*PROBLEM STATEMENT*: The listing below holds a line with "Deniz Kuvvetleri’nde bulunan" and a line with "Cut Out Roll". Reproduce those two lines exactly, plus everything between them.

*EXTRACTED INFORMATION*:
Segment Open

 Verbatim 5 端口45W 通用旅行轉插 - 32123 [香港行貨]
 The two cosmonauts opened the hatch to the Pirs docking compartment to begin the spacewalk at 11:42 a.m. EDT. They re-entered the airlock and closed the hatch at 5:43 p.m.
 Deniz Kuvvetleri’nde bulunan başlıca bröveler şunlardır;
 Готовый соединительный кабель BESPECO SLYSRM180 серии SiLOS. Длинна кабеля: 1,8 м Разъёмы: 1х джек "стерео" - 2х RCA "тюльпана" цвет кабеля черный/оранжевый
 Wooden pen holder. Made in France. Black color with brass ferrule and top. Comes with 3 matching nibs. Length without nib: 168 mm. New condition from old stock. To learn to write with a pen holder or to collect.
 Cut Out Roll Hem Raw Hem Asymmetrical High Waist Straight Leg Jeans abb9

Segment Closed
Segment Open

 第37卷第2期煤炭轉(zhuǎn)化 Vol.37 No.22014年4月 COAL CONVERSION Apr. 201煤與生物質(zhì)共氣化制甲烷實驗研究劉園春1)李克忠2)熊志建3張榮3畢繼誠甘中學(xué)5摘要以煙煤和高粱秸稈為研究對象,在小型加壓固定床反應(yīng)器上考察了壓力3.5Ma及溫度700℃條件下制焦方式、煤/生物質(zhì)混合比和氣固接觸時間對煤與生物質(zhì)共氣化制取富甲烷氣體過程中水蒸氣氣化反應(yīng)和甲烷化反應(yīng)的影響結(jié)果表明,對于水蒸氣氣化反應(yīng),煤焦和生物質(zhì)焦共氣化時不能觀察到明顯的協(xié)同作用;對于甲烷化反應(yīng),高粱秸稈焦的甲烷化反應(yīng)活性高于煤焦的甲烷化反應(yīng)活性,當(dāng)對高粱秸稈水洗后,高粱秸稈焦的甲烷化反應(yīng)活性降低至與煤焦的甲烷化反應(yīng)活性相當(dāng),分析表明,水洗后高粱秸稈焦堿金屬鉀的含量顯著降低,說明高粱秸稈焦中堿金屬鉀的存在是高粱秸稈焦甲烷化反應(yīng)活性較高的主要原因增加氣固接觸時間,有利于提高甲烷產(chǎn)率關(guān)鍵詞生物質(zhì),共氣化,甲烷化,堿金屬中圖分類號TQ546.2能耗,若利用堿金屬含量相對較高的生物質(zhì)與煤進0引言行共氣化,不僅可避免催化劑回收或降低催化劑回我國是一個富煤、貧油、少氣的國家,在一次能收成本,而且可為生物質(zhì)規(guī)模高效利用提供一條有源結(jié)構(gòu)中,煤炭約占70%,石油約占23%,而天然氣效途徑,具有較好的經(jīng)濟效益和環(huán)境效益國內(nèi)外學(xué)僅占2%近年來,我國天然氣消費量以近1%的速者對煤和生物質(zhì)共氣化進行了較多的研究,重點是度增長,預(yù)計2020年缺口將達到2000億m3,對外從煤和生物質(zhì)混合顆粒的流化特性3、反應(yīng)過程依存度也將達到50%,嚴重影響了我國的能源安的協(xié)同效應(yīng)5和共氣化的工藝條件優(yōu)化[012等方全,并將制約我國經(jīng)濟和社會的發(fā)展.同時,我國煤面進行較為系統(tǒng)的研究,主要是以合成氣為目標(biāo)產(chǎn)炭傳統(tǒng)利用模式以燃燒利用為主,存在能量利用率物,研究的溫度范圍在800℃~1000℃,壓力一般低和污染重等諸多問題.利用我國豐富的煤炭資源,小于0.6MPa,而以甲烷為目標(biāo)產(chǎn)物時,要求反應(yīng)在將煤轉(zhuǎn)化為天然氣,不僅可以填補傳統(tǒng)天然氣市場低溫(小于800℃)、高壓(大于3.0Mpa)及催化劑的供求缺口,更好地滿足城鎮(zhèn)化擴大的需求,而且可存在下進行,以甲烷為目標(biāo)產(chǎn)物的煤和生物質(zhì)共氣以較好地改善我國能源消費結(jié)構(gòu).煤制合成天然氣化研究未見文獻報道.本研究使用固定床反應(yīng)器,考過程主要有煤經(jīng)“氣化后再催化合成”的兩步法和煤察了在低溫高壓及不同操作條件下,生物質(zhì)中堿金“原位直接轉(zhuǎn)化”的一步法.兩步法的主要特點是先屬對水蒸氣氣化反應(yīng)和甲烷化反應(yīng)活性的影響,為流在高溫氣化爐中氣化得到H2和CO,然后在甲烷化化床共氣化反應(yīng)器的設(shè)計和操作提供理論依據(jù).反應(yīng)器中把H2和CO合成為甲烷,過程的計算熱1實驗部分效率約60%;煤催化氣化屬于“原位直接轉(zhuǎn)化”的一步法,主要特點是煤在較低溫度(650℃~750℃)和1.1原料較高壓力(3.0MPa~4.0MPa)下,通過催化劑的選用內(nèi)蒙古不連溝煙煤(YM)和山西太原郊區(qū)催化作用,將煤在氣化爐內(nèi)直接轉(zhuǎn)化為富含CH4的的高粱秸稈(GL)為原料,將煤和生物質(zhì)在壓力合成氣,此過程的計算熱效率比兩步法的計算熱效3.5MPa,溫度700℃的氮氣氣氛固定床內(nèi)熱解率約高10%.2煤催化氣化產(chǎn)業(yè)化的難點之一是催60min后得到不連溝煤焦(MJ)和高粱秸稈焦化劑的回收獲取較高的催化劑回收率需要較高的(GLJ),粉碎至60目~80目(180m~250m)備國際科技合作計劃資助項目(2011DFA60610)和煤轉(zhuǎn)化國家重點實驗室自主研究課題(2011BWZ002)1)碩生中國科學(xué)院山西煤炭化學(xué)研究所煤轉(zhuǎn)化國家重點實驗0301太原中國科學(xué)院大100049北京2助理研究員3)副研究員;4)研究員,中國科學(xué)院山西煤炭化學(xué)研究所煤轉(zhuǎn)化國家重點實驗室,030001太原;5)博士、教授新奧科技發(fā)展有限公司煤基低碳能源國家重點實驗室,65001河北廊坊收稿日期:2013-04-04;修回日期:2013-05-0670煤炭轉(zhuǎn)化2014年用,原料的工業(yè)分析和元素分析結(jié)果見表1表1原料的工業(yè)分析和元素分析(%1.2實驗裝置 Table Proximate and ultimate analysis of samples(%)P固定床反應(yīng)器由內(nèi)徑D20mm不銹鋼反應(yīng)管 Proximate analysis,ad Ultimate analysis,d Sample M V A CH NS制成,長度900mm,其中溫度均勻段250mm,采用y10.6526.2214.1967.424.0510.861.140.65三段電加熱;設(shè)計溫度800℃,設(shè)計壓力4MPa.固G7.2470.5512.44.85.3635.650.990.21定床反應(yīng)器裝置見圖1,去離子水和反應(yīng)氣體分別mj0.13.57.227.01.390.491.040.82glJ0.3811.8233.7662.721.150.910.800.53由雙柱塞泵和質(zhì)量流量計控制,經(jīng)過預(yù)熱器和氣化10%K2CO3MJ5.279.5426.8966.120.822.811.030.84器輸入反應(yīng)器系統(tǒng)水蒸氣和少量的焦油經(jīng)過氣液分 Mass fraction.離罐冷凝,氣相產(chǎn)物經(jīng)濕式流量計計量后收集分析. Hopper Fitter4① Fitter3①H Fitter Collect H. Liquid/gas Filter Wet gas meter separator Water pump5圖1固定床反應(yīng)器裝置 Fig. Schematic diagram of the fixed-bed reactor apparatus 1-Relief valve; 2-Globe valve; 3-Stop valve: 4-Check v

Segment Closed
Segment Open

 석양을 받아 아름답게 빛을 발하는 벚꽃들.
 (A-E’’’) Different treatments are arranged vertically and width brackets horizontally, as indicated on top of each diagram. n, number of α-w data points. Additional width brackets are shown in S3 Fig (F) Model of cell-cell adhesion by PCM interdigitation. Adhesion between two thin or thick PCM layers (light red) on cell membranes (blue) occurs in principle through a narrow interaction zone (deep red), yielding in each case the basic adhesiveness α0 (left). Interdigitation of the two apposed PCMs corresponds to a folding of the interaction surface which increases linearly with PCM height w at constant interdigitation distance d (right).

Segment Closed

*TASK ANSWER*:
 Deniz Kuvvetleri’nde bulunan başlıca bröveler şunlardır;
 Готовый соединительный кабель BESPECO SLYSRM180 серии SiLOS. Длинна кабеля: 1,8 м Разъёмы: 1х джек "стерео" - 2х RCA "тюльпана" цвет кабеля черный/оранжевый
 Wooden pen holder. Made in France. Black color with brass ferrule and top. Comes with 3 matching nibs. Length without nib: 168 mm. New condition from old stock. To learn to write with a pen holder or to collect.
 Cut Out Roll Hem Raw Hem Asymmetrical High Waist Straight Leg Jeans abb9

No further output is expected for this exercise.